** Decision Tree Model**
This demo will be used dataset called lungcap from “this page”
library(rpart)
## Warning: package 'rpart' was built under R version 3.2.5
df<-read.csv("https://raw.githubusercontent.com/tuyenhavan/Statistics/Dataset/LungCapData.csv",sep=";")
head(df)
## LungCap Age Height Smoke Gender Caesarean
## 1 6.475 6 62.1 no male no
## 2 10.125 18 74.7 yes female no
## 3 9.550 16 69.7 no female yes
## 4 11.125 14 71.0 no male no
## 5 4.800 5 56.9 no male no
## 6 6.225 11 58.7 no female no
Fitting a decision tree model
library(rpart)
# We will work with a subset of this data
df<-df[,c(1,3)]
# Fitting a decision tree model
dt<-rpart(df$LungCap~df$Height, data=df,control = rpart.control(minsplit = 3))
Predict the result
# Predict the result
new<-data.frame(df$Height)
pd<-predict(dt,newdata = new)
# create a new variable
df$pd<-pd
Visualize the result
library(ggplot2)
## Warning: package 'ggplot2' was built under R version 3.2.5
ggplot() + geom_point(aes(x=df$Height,y=df$LungCap),color=3) + geom_line(aes(x=df$Height,y=df$pd),color=2) + ggtitle("Decision Tree Regression Model") + xlab("Height") + ylab("Lung Capacity") + theme(plot.title = element_text(hjust=0.5)) +theme_bw()
** Random Forest Model**
library(randomForest)
## Warning: package 'randomForest' was built under R version 3.2.5
## randomForest 4.6-12
## Type rfNews() to see new features/changes/bug fixes.
##
## Attaching package: 'randomForest'
## The following object is masked from 'package:ggplot2':
##
## margin
rf<-randomForest(df$LungCap~df$Height,proximity=T, importance=T,ntrees=500)
Predicting the result
pd_rf<-predict(rf,newdata = df[,-c(1,3)])
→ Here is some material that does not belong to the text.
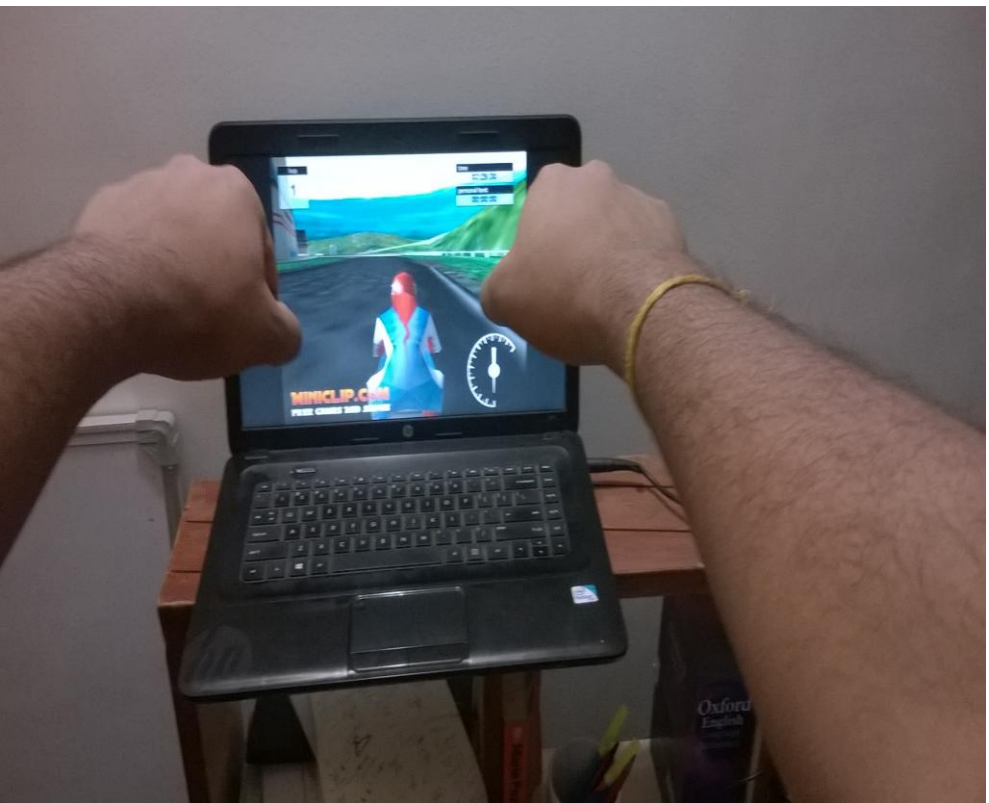
Fig. 6: Demonstrates the user playing a bike racing game

Shooting games have forever fascinated gamers around the world. Developing an interface to detect the tilt and pointing gestures of the hand is a very difficult task on an ordinary web camera. Here we basically employ a technique where both the fair and dark portions of the right hand is tracked. An increase in one area results in the decrease of the other area. The place where it is pointing to is basically determined by the skeletal model of the hand. Figure (7) demonstrate an sample shooting game played using gestures. The processor has to be really fast to determine the orientation angle, pointing position and shooting actions from the user. The results were close to 85%.

# Adding this new predicted value to df
df$pd_rf<-pd_rf
Visualizing the result
ggplot() + geom_point(aes(x=df$Height,y=df$LungCap),color=3) +
geom_line(aes(x=df$Height,y=df$pd_rf),color=4) +theme_bw() +xlab("Height") + ylab("Lung Capacity") + ggtitle("Random Forest Regression Model")
Checking the effect of tree size on the model accuracy
plot(rf,main="The effect of tree size",col=4)
Logistic Regression Model
social_network<-read.csv("https://raw.githubusercontent.com/tuyenhavan/Statistics/Dataset/Social_Network_Ads.csv")
# Tidying up dataset
social_network<-social_network[,-c(1:2)]
head(social_network)
## Age EstimatedSalary Purchased
## 1 19 19000 0
## 2 35 20000 0
## 3 26 43000 0
## 4 27 57000 0
## 5 19 76000 0
## 6 27 58000 0
Splitting training and testing sets
library(caTools)
## Warning: package 'caTools' was built under R version 3.2.5
split<-sample.split(social_network$Purchased,SplitRatio = 0.75)
training_set<-subset(social_network,split==T)
test_set<-subset(social_network,split==F)
Applying feature scalling
training_set[,c(1:2)]<-scale(training_set[,c(1:2)])
test_set[,c(1:2)]<-scale(test_set[,1:2])
head(training_set)
## Age EstimatedSalary Purchased
## 1 -1.8176303 -1.4935873 0
## 2 -0.2447755 -1.4643128 0
## 4 -1.0312029 -0.3811546 0
## 5 -1.8176303 0.1750618 0
## 6 -1.0312029 -0.3518800 0
## 8 -0.5396858 2.3413782 1
Building a logistic regression model
logit_model<-glm(Purchased~., data=training_set,family = binomial)
summary(logit_model)
##
## Call:
## glm(formula = Purchased ~ ., family = binomial, data = training_set)
##
## Deviance Residuals:
## Min 1Q Median 3Q Max
## -2.8979 -0.5680 -0.1714 0.4076 2.3108
##
## Coefficients:
## Estimate Std. Error z value Pr(>|z|)
## (Intercept) -1.1206 0.1908 -5.872 4.30e-09 ***
## Age 2.3123 0.3009 7.685 1.53e-14 ***
## EstimatedSalary 1.1925 0.2078 5.739 9.51e-09 ***
## ---
## Signif. codes: 0 '***' 0.001 '**' 0.01 '*' 0.05 '.' 0.1 ' ' 1
##
## (Dispersion parameter for binomial family taken to be 1)
##
## Null deviance: 390.89 on 299 degrees of freedom
## Residual deviance: 217.80 on 297 degrees of freedom
## AIC: 223.8
##
## Number of Fisher Scoring iterations: 6
Predicting the test_set
pred_logit<-predict(logit_model,test_set[,-3],type = "response")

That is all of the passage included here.